Analysis will be provided with patch proposal coming with this bug report
Reproducible: Always
Actual Results:
Output file is zero sized
Expected Results:
File should have some data
Reporter | ||
Comment 1•20 years ago
|
||
The CrudeFileCopy was buggy in some case the copied data can be lost and a zero
sized file is produced
Here is the actual code, comments are added inline
430 stat_result = stat (in, &in_stat);
returned value should be tested, no need to continue and try to read the file
if we cannot stat it
432 ifp = fopen (in, "r");
433 if (!ifp)
434 {
435 return -1;
436 }
437
438 ofp = fopen (out, "w");
439 if (!ofp)
440 {
441 fclose (ifp);
442 return -1;
443 }
444
The following loop is buggy
445 while ((rbytes = fread (buf, 1, sizeof(buf), ifp)) > 0)
fread returns zero for FEOF and errors. In this code feof is not tested, thus
all errors are treated as eof and loop is skipped without error handling. Next
instruction after loop is fclose, thus a zero sized file is created in case of
error
read can fail on NFS mount, and it will fail from time to time...
446 {
447 while (rbytes > 0)
this while loop is useless since fwrite will buffer the data and write all the
1024 bytes without loop.
448 {
449 if ( (wbytes = fwrite (buf, 1, rbytes, ofp)) < 0 )
buf has to be replaced by an index pointer if we loop on remaining rbytes ! or
the first data are always written, index is not moving
450 {
451 fclose (ofp);
452 fclose (ifp);
453 unlink(out);
454 return -1;
455 }
456 rbytes -= wbytes;
buf pointer should be incremented
457 }
458 }
459 fclose (ofp);
fclose can fail, data are actually written after a fsync call was successful
this code works in 99.9% of the time. But if the path is a NFS mount then it
will fail from time to time and buffer won't be flushed
460 fclose (ifp);
461
462 if (stat_result == 0)
463 chmod (out, in_stat.st_mode & 0777);
This algorithm was buggy and it can explain why from time to time we have zero
sized filespec (.msf) in mailbox stored on /home mount by NFS. But maybe it is
not the only reason why...
Reporter | ||
Updated•20 years ago
|
Attachment #173498 -
Flags: review?(mscott)
Summary: The file copy under unix can fail and produce zero sized file in some circomstances → The file copy under unix can fail and produce zero sized file in some circumstances
Comment 2•20 years ago
|
||
Comment on attachment 173498 [details] [diff] [review]
This patch fix some bug in CrudeCopyFile on unix platform
changing to Darin for his linux expertise :-)
Attachment #173498 -
Flags: review?(mscott) → review?(darin)
Comment 3•20 years ago
|
||
Confirming, we should consider for tb1.0.1.
/be
Status: UNCONFIRMED → NEW
Ever confirmed: true
Flags: blocking-aviary1.0.1+
Comment 4•20 years ago
|
||
darin, brendan, who should this bug be assign to. i will have cycles next week.
Comment 5•20 years ago
|
||
This is needed for tbird 1.0.1 as I understand it, and I'm not sure what the
schedule looks like for that.

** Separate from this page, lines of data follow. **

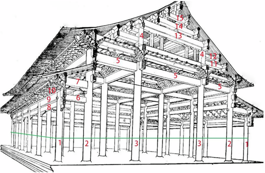 榫卯结构的好处是不需铁钉,通过在木材上制作凸出的“榫头”与凹进的“卯眼”相互咬合,实现连接与固定。这种结构通过精确的几何咬合,使木结构具有极高的韧性和抗震性能。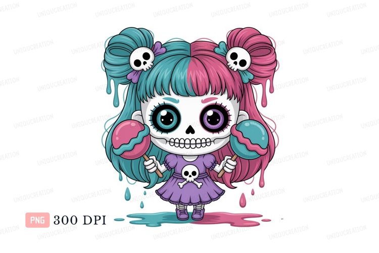 Cute skull girl with colorful hair and candy maracas example image 1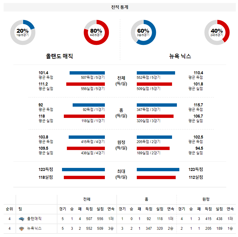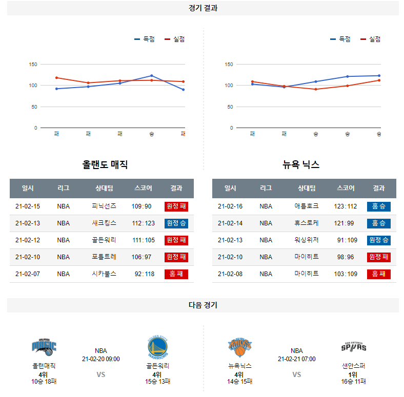 언더&오버 =>언더부상자가 너무 많은 올랜도는 니콜라 부세비치에 대한 의존도가 너무 커진 상황이다. 뉴욕은 니콜라 부세비치의 위력을 반감 시킬수 있는 높이와 수비력이 있다. 또한, 데릭 로즈를 트레이트를 통해서 영입한 효과가 선발과 벤치의 생산성이 모두 좋아진 모습으로 나타나고 있다. 뉴욕 승리 가능성을 추천 한다.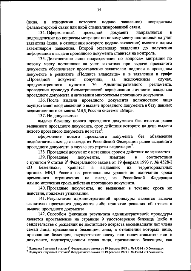 "ОБ УТВЕРЖДЕНИИ АДМИНИСТРАТИВНОГО РЕГЛАМЕНТА МИНИСТЕРСТВА ВНУТРЕННИХ ДЕЛ РОССИЙСКОЙ ФЕДЕРАЦИИ ПО ПРЕДОСТАВЛЕНИЮ ГОСУДАРСТВЕННОЙ УСЛУГИ ПО ОФОРМЛЕНИЮ И ВЫДАЧЕ БЕЖЕНЦУ ПРОЕЗДНОГО ДОКУМЕНТА, СОДЕРЖАЩЕГО ЭЛЕКТРОННЫЙ НОСИТЕЛЬ ИНФОРМАЦИИ"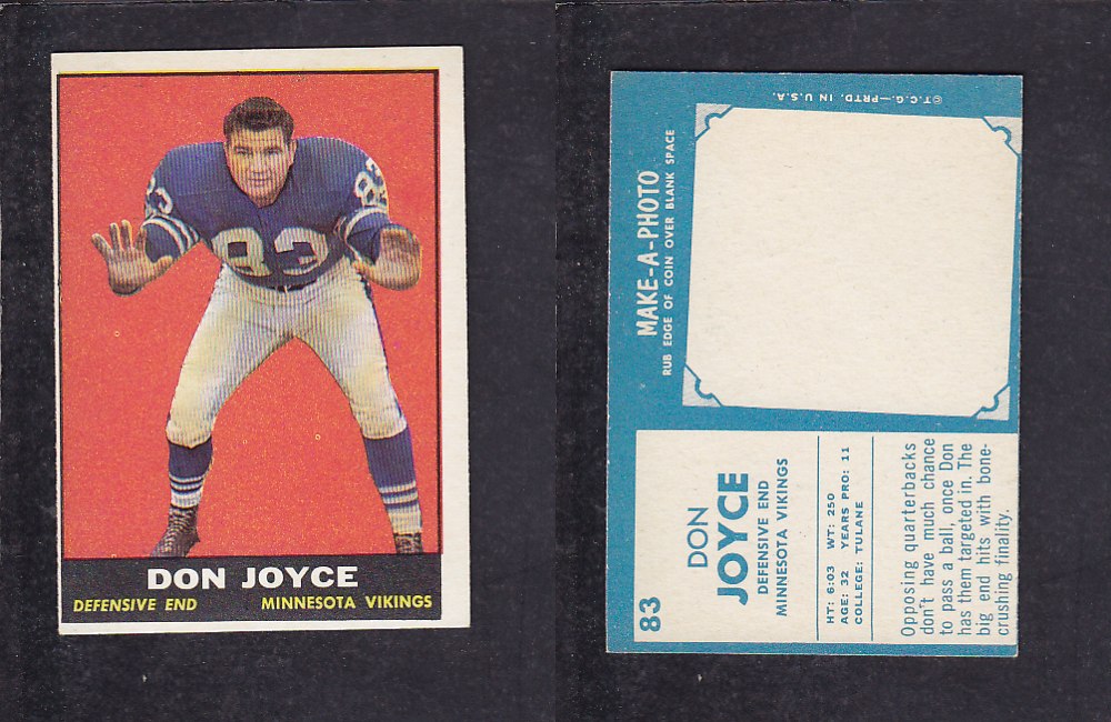 1961 NFL TOPPS FOOTBALL CARD #83 D. JOYCE photo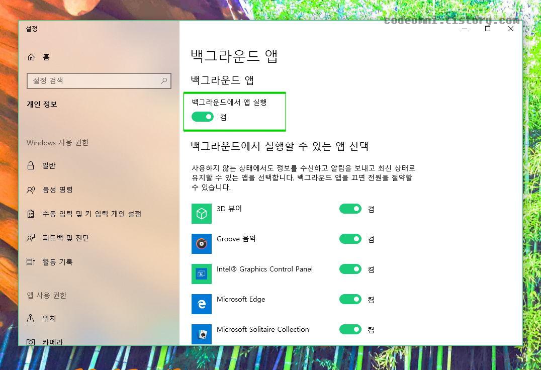 이번 포스팅은 윈도우10 에서 간단하게 백그라운드 앱 설정하기입니다.

If you have cycles to spend on this next week,
then that sounds great to me :)
Comment 6•20 years ago
|
||
william, did you have any test cases that show the failure(s) or did you
discover these problems through code inspection?
Comment 7•20 years ago
|
||
why don't we just reuse the nsLocalFile code? for example, just create two
nsLocalFile's and copy one to the other. Something like (ignoring error checking):
nsCOMPtr <nsILocalFile> inFile;
NS_NewLocalFile(in, PR_TRUE, getter_AddRefs(inFile));
nsCOMPtr <nsILocalFile> outFile;
NS_NewLocalFile(out, PR_TRUE, getter_AddRefs(outFile));
nsCOMPtr <nsIFile> source = do_QueryInterface(inFile);
source.CopyTo(outFile, EmptyString());
Comment 8•20 years ago
|
||
I agree with dougt. Let's leverage nsIFile/nsILocalFile as much as possible
here. nsFileSpec is an obsolete deprecated API. Its implementation doesn't
have to be performant or anything like that.
Reporter | ||
Comment 9•20 years ago
|
||
I discovered it trough code inspection after i fixed the bug on drag and drop
loosing folders.
The problem was that this function was failing on zero sized files, so i had a
close look to it.
I think you can reproduce it easily if you make a simple test program which use
this function to copy files on a nfs mount. Maybe you will have to had some
extra load on your network depending on bandwith and so on. File access through
NFS has to be "difficult" some time.
I do agree that if there is already a function to copy files under unix, it's
better to use it since this code is in obsolete part. But i am a newbie to
mozilla code and i don't know yet all the function available :) that's why i
choosed to fix it ;)
Reporter | ||
Comment 10•20 years ago
|
||
I just had a quick look to the nsLocalFile i am almost sure it has some bugs
also... so be careful if you just replace old code by a call to the new function
CopyTo.
The code will not work properly on NFS drive for the some of the reasons why
CrudeFileCopy was failing, syncing data on disk.
In the copy loop :
while ((bytesRead = PR_Read(oldFD, buf, BUFSIZ)) > 0) {
there is no test for errors and eof, thus if an error occur at first read, it
will be handled as an eof, and an empty file will be created.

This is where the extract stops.